This invention is also particularly intended for use with bilge and tank cleaning systems, such as disclosed in U.S. Pat. No. 4,530,131, issued July 23, 1985, for an Automatic Vacuum Recyclable System for Chemical-Thermo Cleaning of Ship Tanks and Bilges, and is commonly assigned. The system in the patent sprays and recirculates hot solutions for cleaning, stripping, derusting, and passivating tanks and bilges.

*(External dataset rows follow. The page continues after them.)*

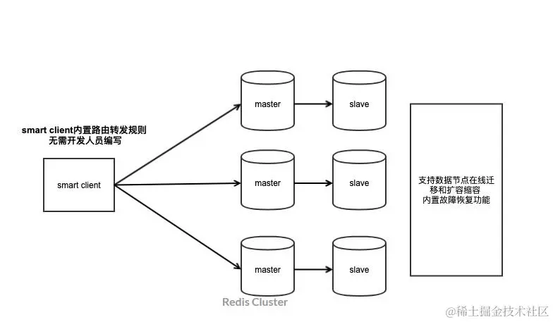 没有了Proxy层进行转发,客户端可以直接操作对应的Redis节点,这样就少了Proxy层转发的性能损耗。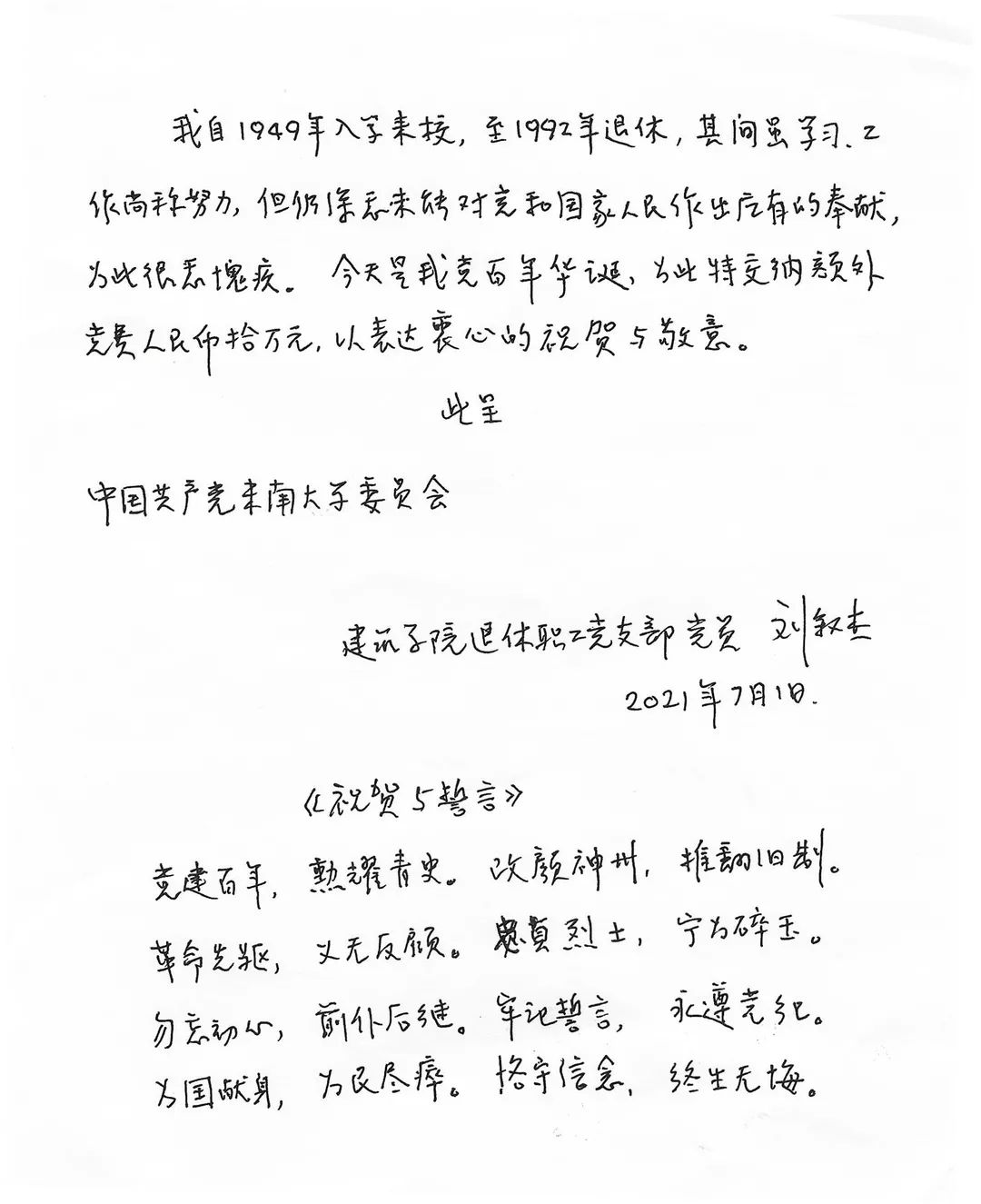 这笔党费,既是一位老党员发自内心对建党100周年的庆贺,也表达了刘老师对党的赤诚之心、感恩之情,祝伟大的中国共产党100岁生日快乐!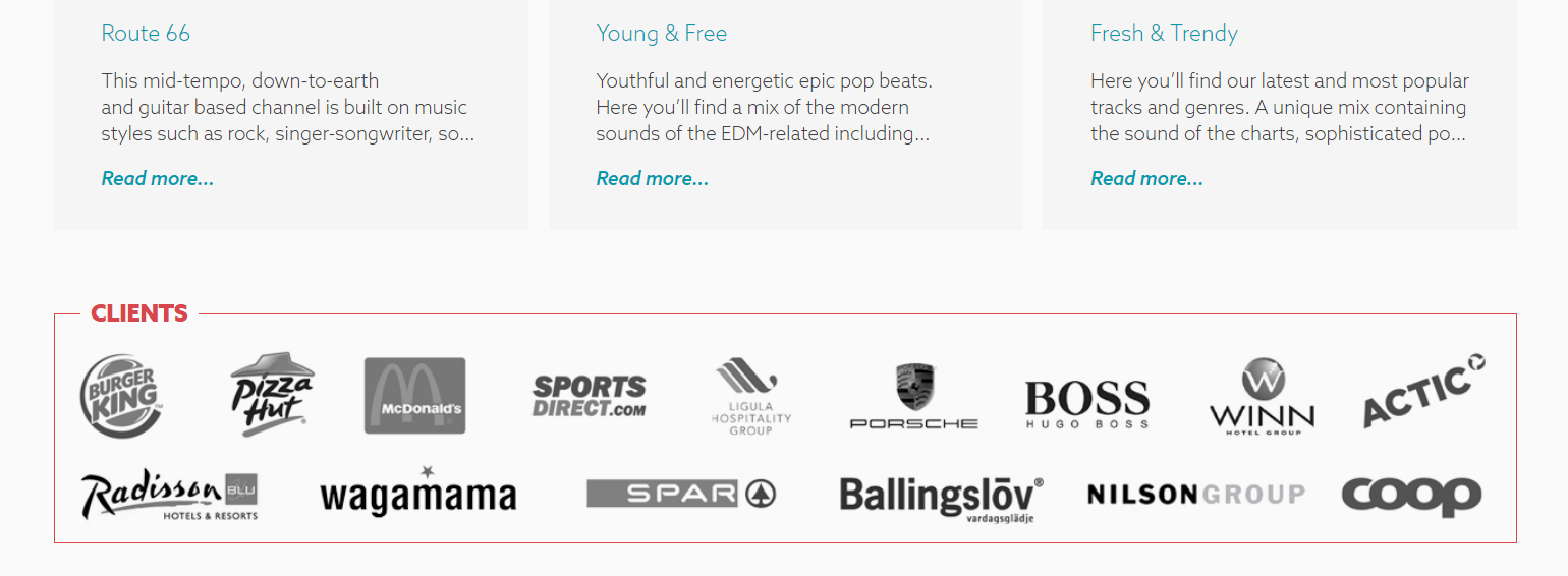 Epidemic Sound(エピデミックサウンド)は、大手企業と多数取り引きしており、クライアントリストが掲載されています。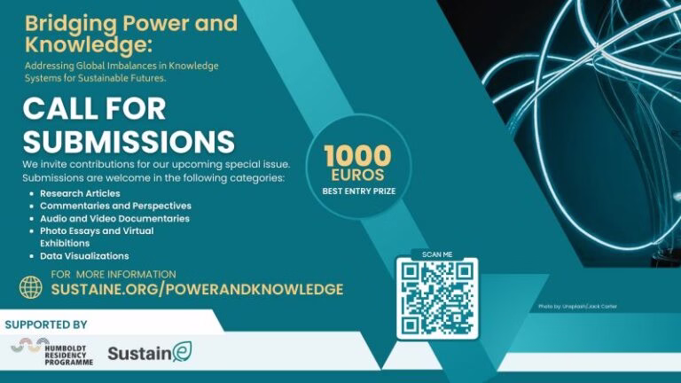 SustainE in collaboration with participants of the Alexander von Humboldt foundation’s 2024 Humboldt Residency Programme are inviting submissions for a special issue on Bridging Power and Knowledge: Addressing Global Imbalances in Knowledge Systems for Sustainable Futures. The project is the result of a collaboration between participants of the Alexander von Humboldt Foundation’s 2024 Humboldt Residency Programme and SustainE.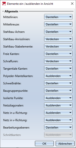 Ansichten > Eigenschaften > Elemente ein-/ausblenden in Ansicht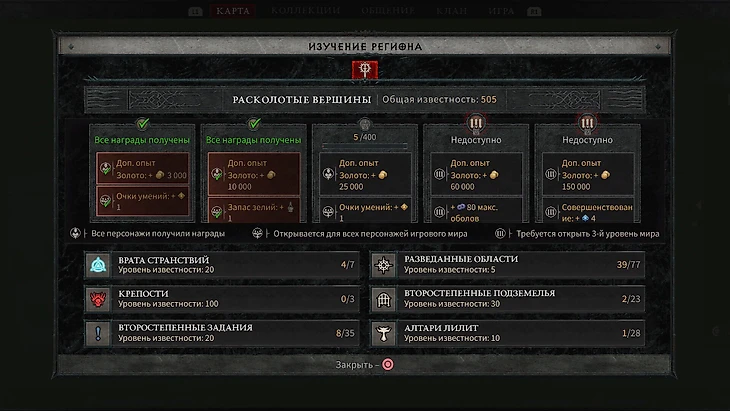 Чтобы добыть еще одну флягу, повышайте известность. Для этого проходите подземелья, зачищайте крепости, открывайте врата перемещения, исследуйте новые области, активируйте алтари Лилит и выполняйте побочные квесты. Когда накопите 500 очков известности, получите 10 тысяч золота и дополнительное зелье лечения.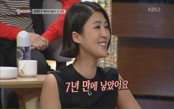 이 날 방송에서 MC 이영자와의 친분으로 출연한 홍진경은 "(결혼 후) 7년 만에 딸을 낳았다."며 지금은 28개월이 된 딸 아이의 이야기를 꺼냈다. 그녀는 "아빠 엄마를 골고루 닮았다. 아빠의 얼굴을 닮았고 키는 나를 닮았다."고 딸에 대한 자랑을 늘어놓았다.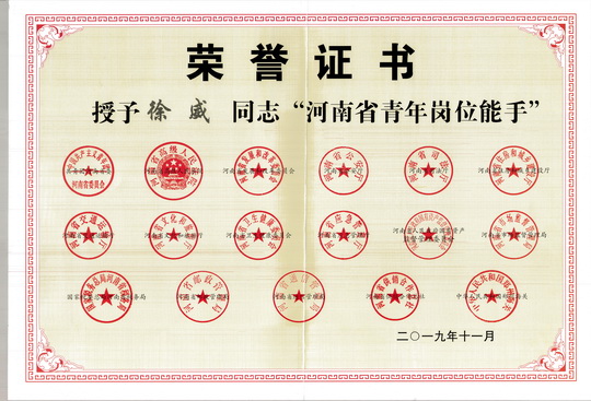 近日,由共青团河南省委、河南省高级人民法院、河南省发展和改革委员会、河南省公安厅等17家单位经综合考察,逐级推报、择优评选、社会公示,共同评选的"2017-2018年度河南省青年岗位能手"表彰文件印发,公司工程院青年技术员工徐威同志获得了本项荣誉。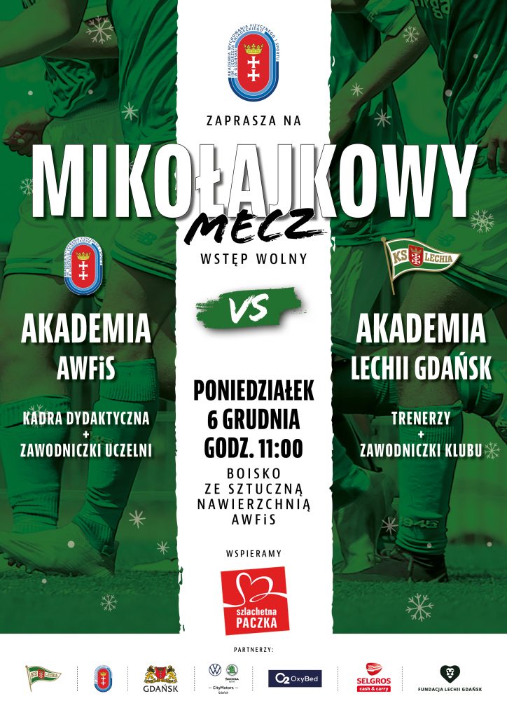 Dnia 06.12.2021 r. o godz. 11.00 na boisku do piłki nożnej Akademii Wychowania Fizycznego i Sportu im. Jędrzeja Śniadeckiego w Gdańsku odbędzie się „Mikołajkowy mecz” pomiędzy trenerami i zawodniczkami Akademii Piłkarskiej Lechii Gdańsk a kadrą dydaktyczną Akademii Wychowania Fizycznego i Sportu w Gdańsku.

Typically 500 gallons of solution are sprayed within tanks at 50 gpm, at 100 psi, and at 180 degrees F. through a set of nozzles. The solutions can also be sprayed by a hand lance at 2000 psi, for example.
The only effective prior methods for removing thick epoxy coatings from steel tanks in ships have been by sandblasting or by the use of needleguns. Sandblasting is environmentally undesirable because of air pollution or heavy metal water pollution. Needleguns are very tedious and less effective. Hot alkaline solutions can be used in spray applications to remove alkyd coatings, but are not very effective in spray removal of epoxy type and similar chemically resistant coatings.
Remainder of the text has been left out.